▸ MATERIAL FOR THIS TASK
Content starts
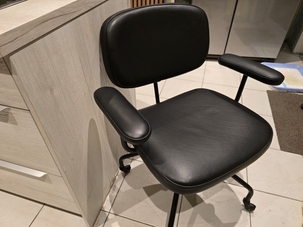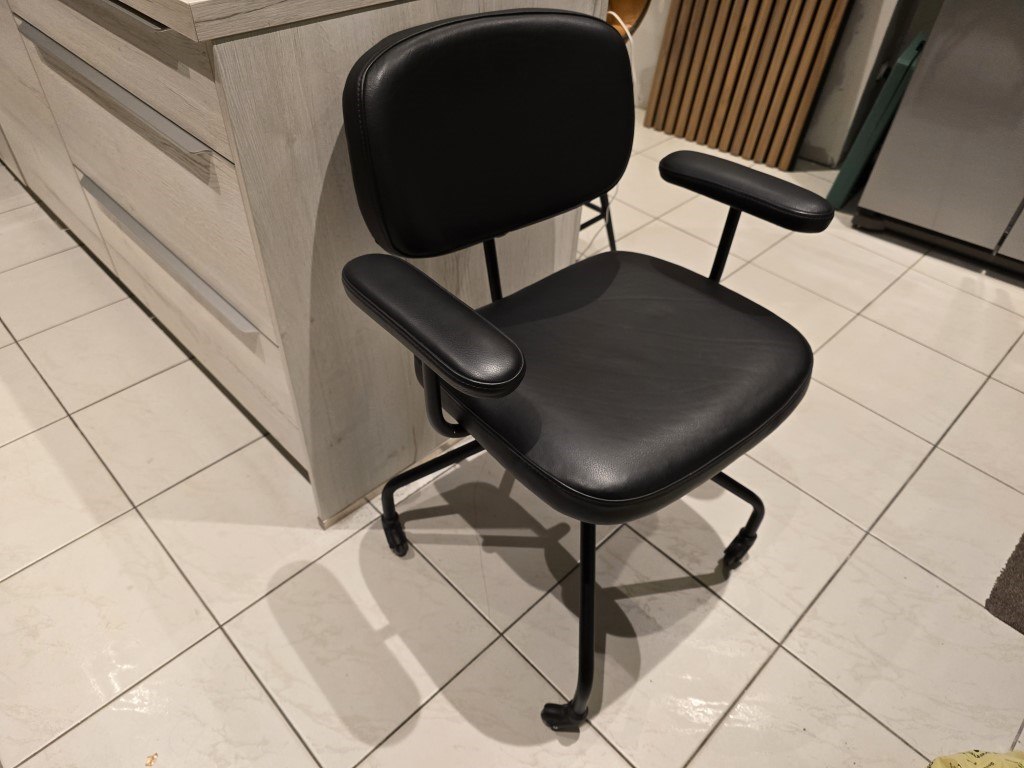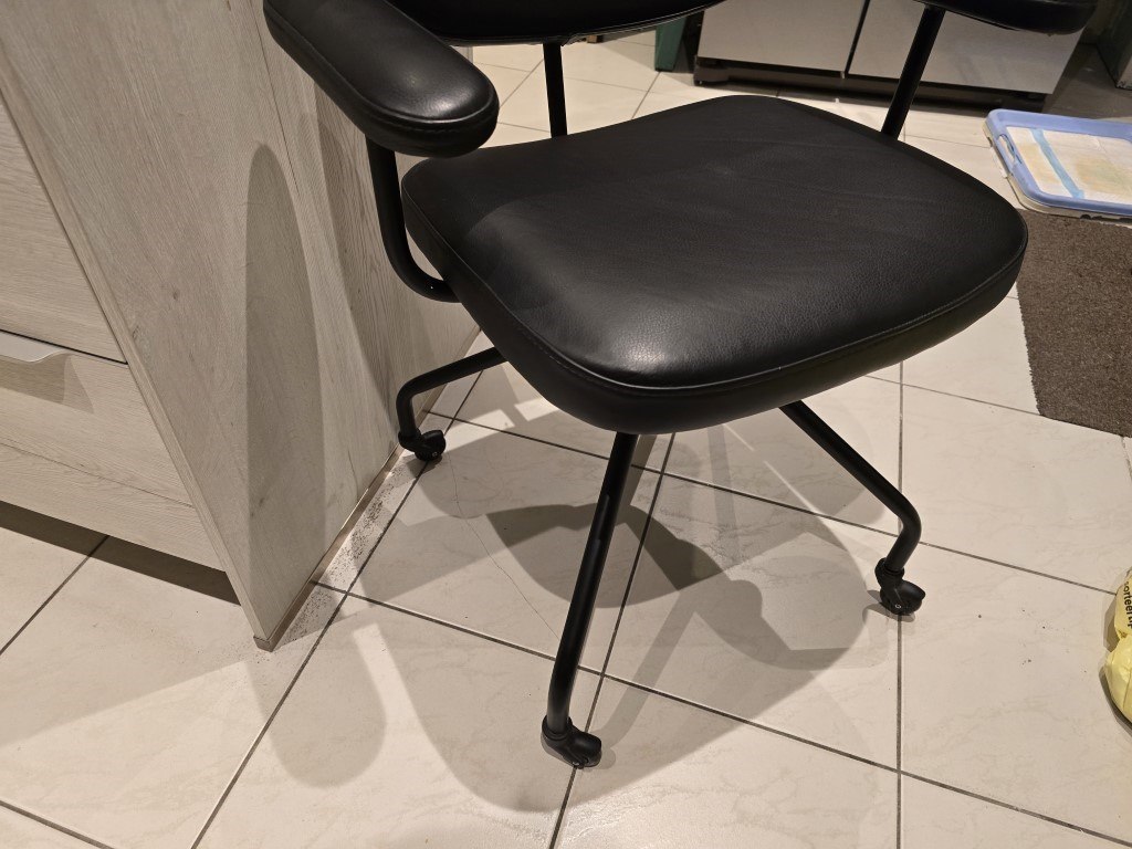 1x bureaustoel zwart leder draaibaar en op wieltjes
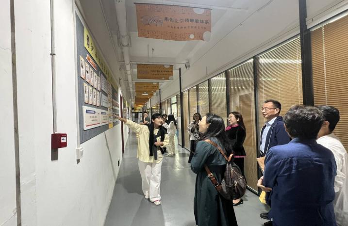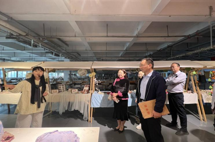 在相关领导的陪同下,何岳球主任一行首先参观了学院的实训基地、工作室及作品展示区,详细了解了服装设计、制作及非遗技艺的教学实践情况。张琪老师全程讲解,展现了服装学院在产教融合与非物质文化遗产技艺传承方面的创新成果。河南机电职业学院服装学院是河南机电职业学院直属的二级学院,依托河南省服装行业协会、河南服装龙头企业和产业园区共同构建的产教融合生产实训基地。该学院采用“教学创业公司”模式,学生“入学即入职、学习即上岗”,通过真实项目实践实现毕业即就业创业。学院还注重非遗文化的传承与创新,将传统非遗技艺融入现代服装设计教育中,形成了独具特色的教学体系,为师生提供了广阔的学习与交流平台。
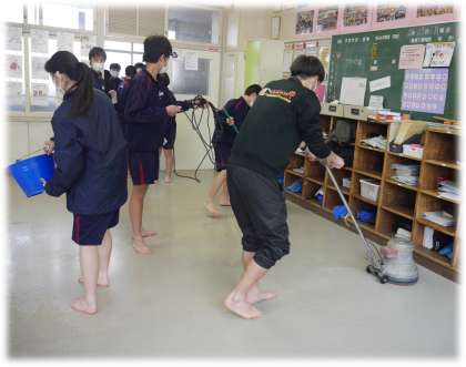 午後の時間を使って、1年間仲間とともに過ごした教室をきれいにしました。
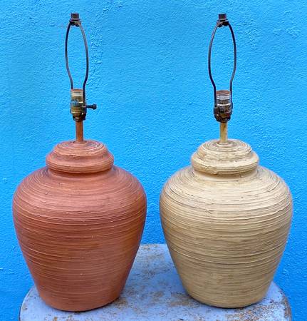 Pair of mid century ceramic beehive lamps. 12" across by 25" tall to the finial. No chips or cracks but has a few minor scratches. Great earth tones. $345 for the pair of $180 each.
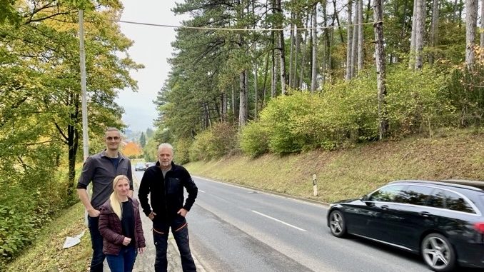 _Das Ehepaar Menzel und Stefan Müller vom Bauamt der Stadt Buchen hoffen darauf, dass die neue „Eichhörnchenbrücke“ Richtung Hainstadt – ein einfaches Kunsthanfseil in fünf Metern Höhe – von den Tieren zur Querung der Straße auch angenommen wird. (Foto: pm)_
Content ends
▸ DIRECTIONS
From the first line to the last, output the data exactly; skip any pictures.

▸ REPLY TO THE EXERCISE
 1x bureaustoel zwart leder draaibaar en op wieltjes
 在相关领导的陪同下,何岳球主任一行首先参观了学院的实训基地、工作室及作品展示区,详细了解了服装设计、制作及非遗技艺的教学实践情况。张琪老师全程讲解,展现了服装学院在产教融合与非物质文化遗产技艺传承方面的创新成果。河南机电职业学院服装学院是河南机电职业学院直属的二级学院,依托河南省服装行业协会、河南服装龙头企业和产业园区共同构建的产教融合生产实训基地。该学院采用“教学创业公司”模式,学生“入学即入职、学习即上岗”,通过真实项目实践实现毕业即就业创业。学院还注重非遗文化的传承与创新,将传统非遗技艺融入现代服装设计教育中,形成了独具特色的教学体系,为师生提供了广阔的学习与交流平台。
 午後の時間を使って、1年間仲間とともに過ごした教室をきれいにしました。
 Pair of mid century ceramic beehive lamps. 12" across by 25" tall to the finial. No chips or cracks but has a few minor scratches. Great earth tones. $345 for the pair of $180 each.
 _Das Ehepaar Menzel und Stefan Müller vom Bauamt der Stadt Buchen hoffen darauf, dass die neue „Eichhörnchenbrücke“ Richtung Hainstadt – ein einfaches Kunsthanfseil in fünf Metern Höhe – von den Tieren zur Querung der Straße auch angenommen wird. (Foto: pm)_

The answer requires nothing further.